Blair spends many days and many nights searching for an answer to Master Shifu's question. He asks each of the Furious Five and they either don't know the answer or won't say. Finally, in a dark dream it comes to Blair, and the next morning Blair greets Master Shifu at the club and says: "Coach Shifu. I have an answer to your question." Master Shifu waits anxiously for the answer and Blair continues: "It's not about the swing!" Master Shifu smiles approvingly. At this point, the game is about tactics: how to move the opponent to create opportunities; how to confuse the opponent with deceptions; how to use the entire volume of the court as a creative space. At this point, Blair also realizes that the most important place at the club is not the court and it's not the gym, it's the clubhouse where Blair and the Furious Five hold discussions on these important matters. Without the clubhouse, the club is just a place to play.

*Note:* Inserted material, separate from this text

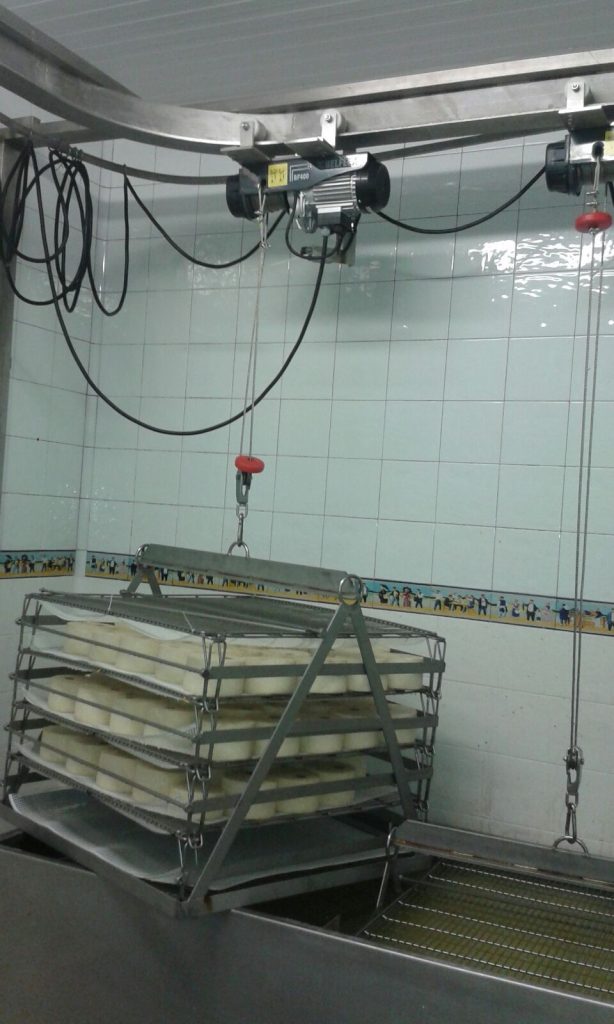 A este tipo de depósitos se le puede incorporar un polipasto para facilitar la introducción y posterior retirada de las parrillas con los quesos. Este polipasto puede estar gobernado de forma manual, o programada y automatizado.

Blair occasionally takes a game from some of the Furious Five, but every time he plays one of them Blair's palms sweat. Blair tightens up and misses a lot, feeling exhausted even before they play. Crane lets the secret out: "It's how it is in life," says Crane. "So long as I'm more comfortable with the stress than you are, I will win." This is an epiphany for Blair. At this point, the game is the competition. It's how each of the players deals with stress. And Blair works on personal realization, on brushing off stress and just playing the game. Finally, one day, at the end of the match Master Shifu stands defeated. "How did you do that?" Master Shifu asks. "I don't know," says Blair. "I had a bunch of difficult situations, and in each of them, I saw the shot I wanted to hit and new I could make it." Master Shifu smiles, and says "now you know how to play!" At this point, Blair returns to the locker room, and trades in the spandex workout wear for a crooked stick.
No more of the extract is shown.